PROBLEM:
All lines from the one holding "Eija ja Esko" through the last line of the entries below must be transcribed exactly, and no others. Pictures do not go in.

● ● ● ● ●

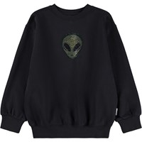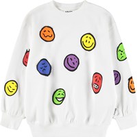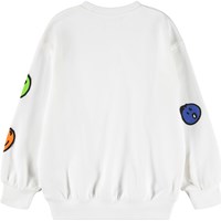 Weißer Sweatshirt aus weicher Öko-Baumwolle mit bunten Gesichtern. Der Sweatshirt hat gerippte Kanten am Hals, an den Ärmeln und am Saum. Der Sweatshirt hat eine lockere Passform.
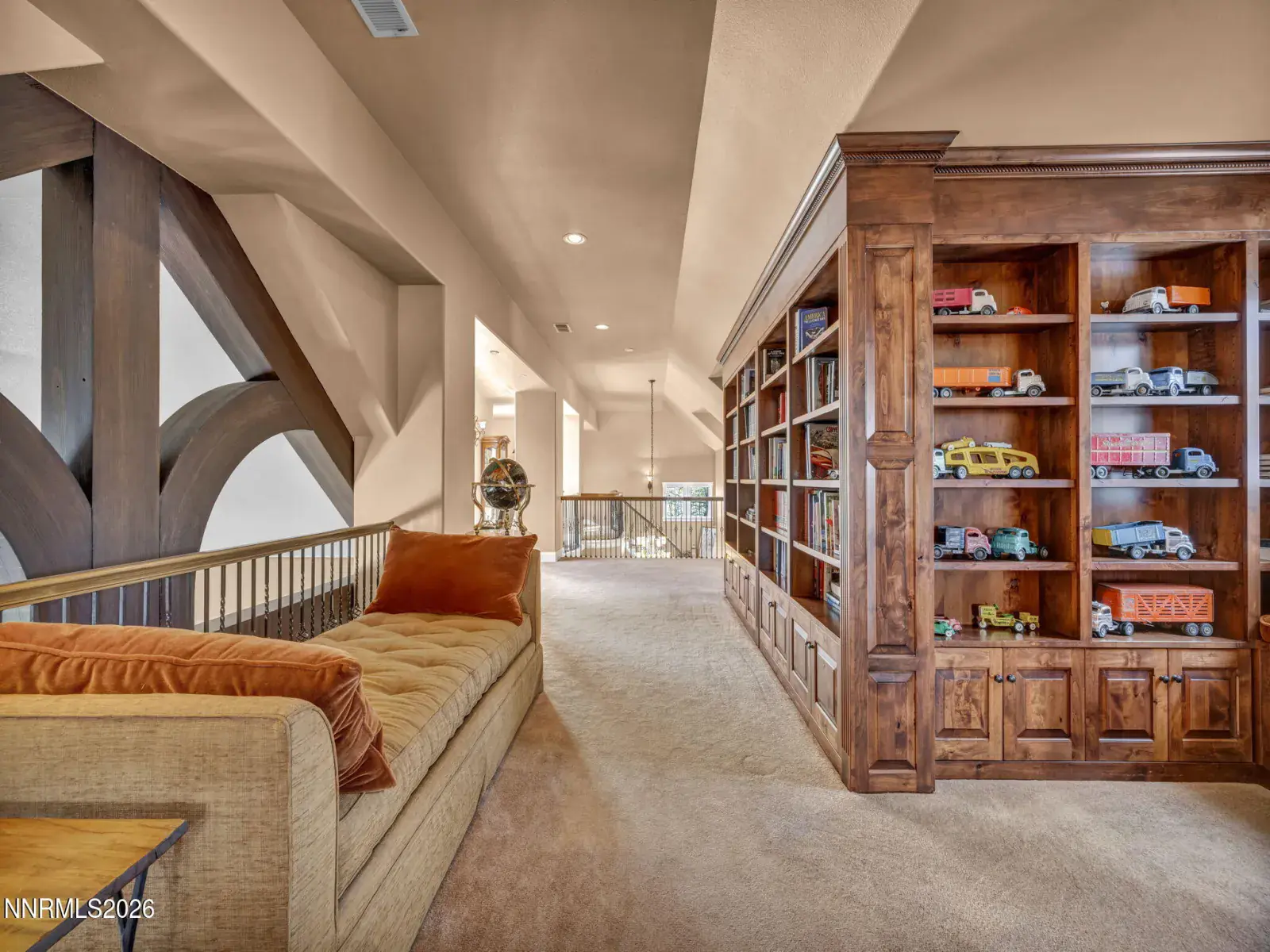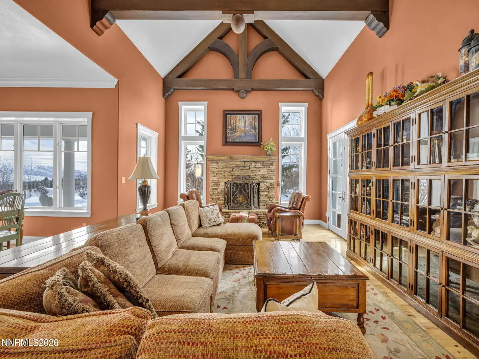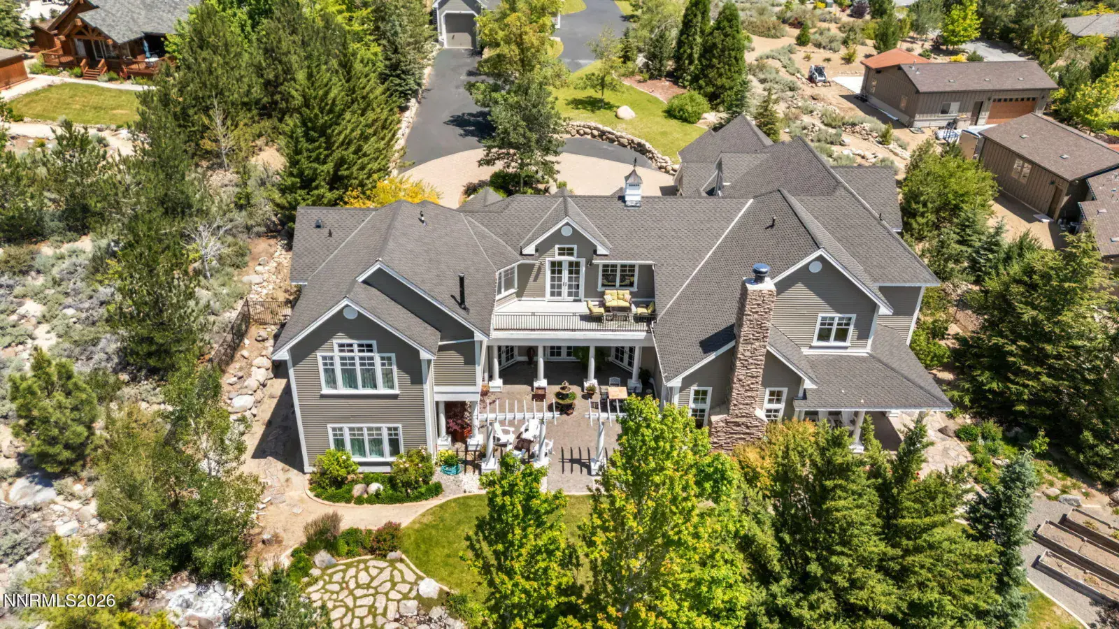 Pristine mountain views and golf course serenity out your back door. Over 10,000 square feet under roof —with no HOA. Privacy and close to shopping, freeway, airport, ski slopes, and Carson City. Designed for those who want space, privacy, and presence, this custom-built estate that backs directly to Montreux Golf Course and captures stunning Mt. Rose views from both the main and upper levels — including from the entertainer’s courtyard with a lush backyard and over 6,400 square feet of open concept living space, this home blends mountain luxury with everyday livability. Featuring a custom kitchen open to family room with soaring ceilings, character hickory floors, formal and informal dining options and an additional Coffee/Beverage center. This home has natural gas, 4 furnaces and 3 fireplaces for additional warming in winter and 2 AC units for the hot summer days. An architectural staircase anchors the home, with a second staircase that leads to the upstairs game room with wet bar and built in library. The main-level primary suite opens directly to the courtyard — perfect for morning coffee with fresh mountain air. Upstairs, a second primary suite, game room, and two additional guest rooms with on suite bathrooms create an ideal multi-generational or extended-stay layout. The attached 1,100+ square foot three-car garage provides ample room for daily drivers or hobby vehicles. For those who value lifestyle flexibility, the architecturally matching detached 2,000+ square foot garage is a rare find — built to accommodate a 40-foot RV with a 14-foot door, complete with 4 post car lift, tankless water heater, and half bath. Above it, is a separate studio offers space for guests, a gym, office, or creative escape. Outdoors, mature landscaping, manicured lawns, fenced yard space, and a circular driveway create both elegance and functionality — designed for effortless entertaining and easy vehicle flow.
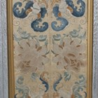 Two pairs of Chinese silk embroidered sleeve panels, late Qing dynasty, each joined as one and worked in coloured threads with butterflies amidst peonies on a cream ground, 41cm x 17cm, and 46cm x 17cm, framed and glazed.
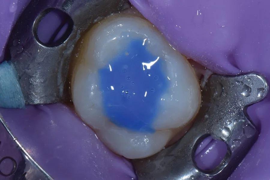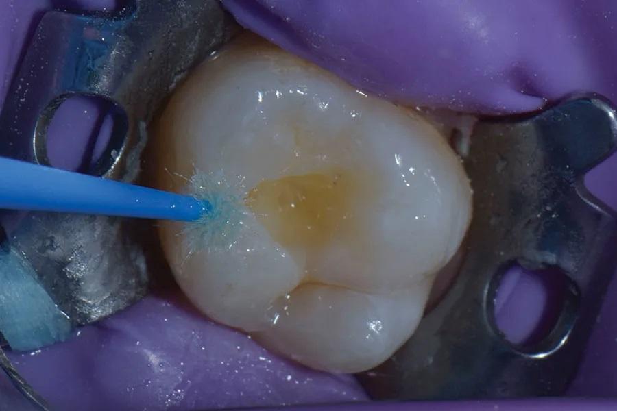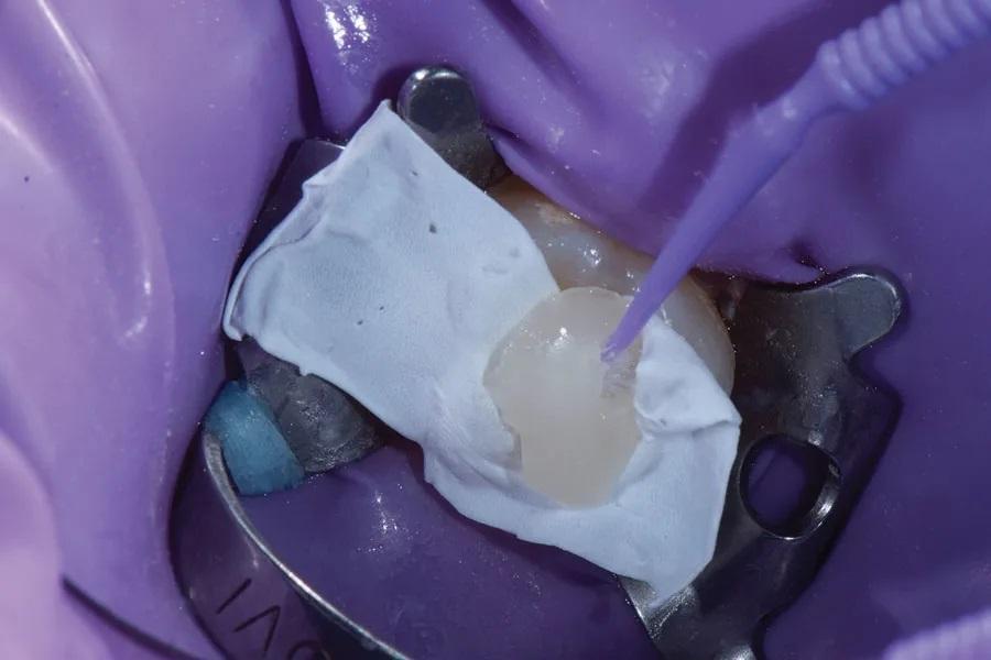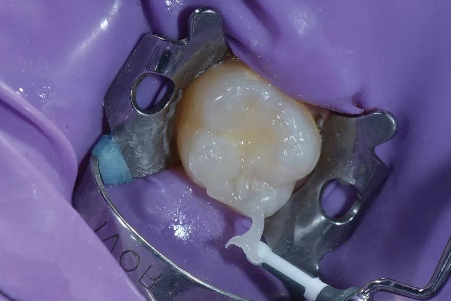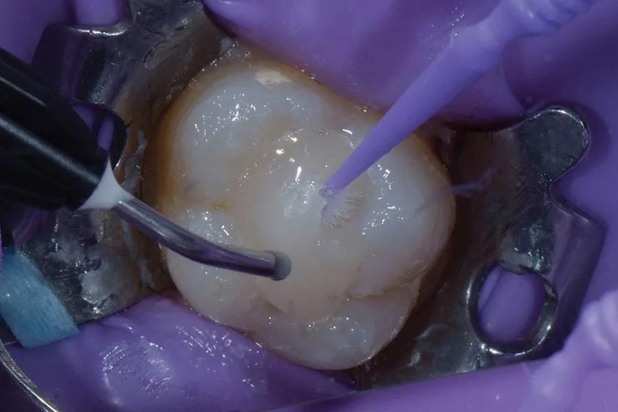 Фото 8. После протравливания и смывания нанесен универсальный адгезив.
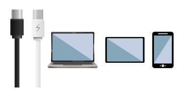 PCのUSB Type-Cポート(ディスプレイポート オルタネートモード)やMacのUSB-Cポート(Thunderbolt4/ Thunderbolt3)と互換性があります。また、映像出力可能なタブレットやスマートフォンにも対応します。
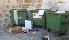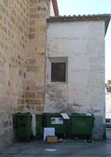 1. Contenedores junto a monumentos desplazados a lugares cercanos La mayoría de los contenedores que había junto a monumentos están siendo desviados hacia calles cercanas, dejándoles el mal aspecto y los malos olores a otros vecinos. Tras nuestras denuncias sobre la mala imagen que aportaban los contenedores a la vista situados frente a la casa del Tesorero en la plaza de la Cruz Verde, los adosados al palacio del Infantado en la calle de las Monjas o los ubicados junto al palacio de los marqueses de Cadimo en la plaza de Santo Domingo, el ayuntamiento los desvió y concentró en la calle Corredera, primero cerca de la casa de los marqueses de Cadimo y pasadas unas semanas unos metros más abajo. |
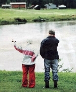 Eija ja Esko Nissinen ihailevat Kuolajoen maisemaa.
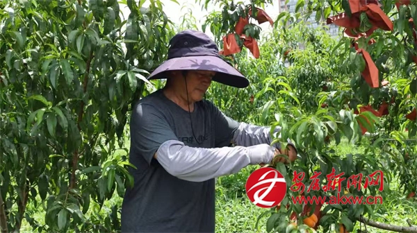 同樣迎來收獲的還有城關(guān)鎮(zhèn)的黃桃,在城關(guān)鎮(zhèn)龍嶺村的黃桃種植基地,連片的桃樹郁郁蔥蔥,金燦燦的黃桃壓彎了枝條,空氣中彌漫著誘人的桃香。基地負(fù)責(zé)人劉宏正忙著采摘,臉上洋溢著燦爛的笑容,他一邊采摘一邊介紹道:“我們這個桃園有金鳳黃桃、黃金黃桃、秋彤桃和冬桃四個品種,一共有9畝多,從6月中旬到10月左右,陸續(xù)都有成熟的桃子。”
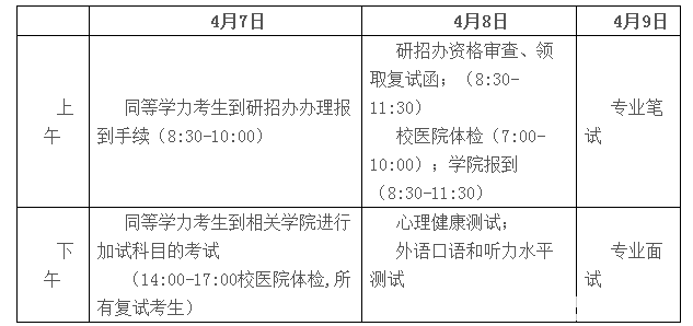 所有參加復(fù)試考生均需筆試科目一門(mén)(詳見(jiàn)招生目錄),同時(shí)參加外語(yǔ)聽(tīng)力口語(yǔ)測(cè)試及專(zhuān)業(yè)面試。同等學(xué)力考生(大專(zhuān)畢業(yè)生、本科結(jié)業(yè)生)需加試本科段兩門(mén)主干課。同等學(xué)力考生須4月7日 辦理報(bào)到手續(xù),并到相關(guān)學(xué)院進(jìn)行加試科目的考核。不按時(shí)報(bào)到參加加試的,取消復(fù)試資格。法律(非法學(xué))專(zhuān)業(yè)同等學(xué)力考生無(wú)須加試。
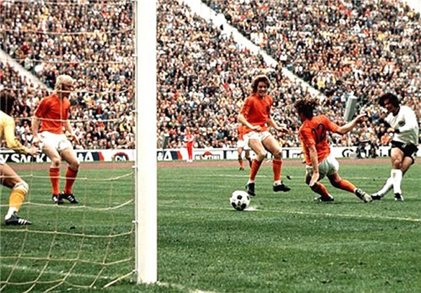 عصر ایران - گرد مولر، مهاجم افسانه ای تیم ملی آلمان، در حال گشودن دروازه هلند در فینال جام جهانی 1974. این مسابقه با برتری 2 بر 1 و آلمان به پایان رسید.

● ● ● ● ●

WRITTEN SOLUTION:
 Eija ja Esko Nissinen ihailevat Kuolajoen maisemaa.
 同樣迎來收獲的還有城關(guān)鎮(zhèn)的黃桃,在城關(guān)鎮(zhèn)龍嶺村的黃桃種植基地,連片的桃樹郁郁蔥蔥,金燦燦的黃桃壓彎了枝條,空氣中彌漫著誘人的桃香。基地負(fù)責(zé)人劉宏正忙著采摘,臉上洋溢著燦爛的笑容,他一邊采摘一邊介紹道:“我們這個桃園有金鳳黃桃、黃金黃桃、秋彤桃和冬桃四個品種,一共有9畝多,從6月中旬到10月左右,陸續(xù)都有成熟的桃子。”
 所有參加復(fù)試考生均需筆試科目一門(mén)(詳見(jiàn)招生目錄),同時(shí)參加外語(yǔ)聽(tīng)力口語(yǔ)測(cè)試及專(zhuān)業(yè)面試。同等學(xué)力考生(大專(zhuān)畢業(yè)生、本科結(jié)業(yè)生)需加試本科段兩門(mén)主干課。同等學(xué)力考生須4月7日 辦理報(bào)到手續(xù),并到相關(guān)學(xué)院進(jìn)行加試科目的考核。不按時(shí)報(bào)到參加加試的,取消復(fù)試資格。法律(非法學(xué))專(zhuān)業(yè)同等學(xué)力考生無(wú)須加試。
 عصر ایران - گرد مولر، مهاجم افسانه ای تیم ملی آلمان، در حال گشودن دروازه هلند در فینال جام جهانی 1974. این مسابقه با برتری 2 بر 1 و آلمان به پایان رسید.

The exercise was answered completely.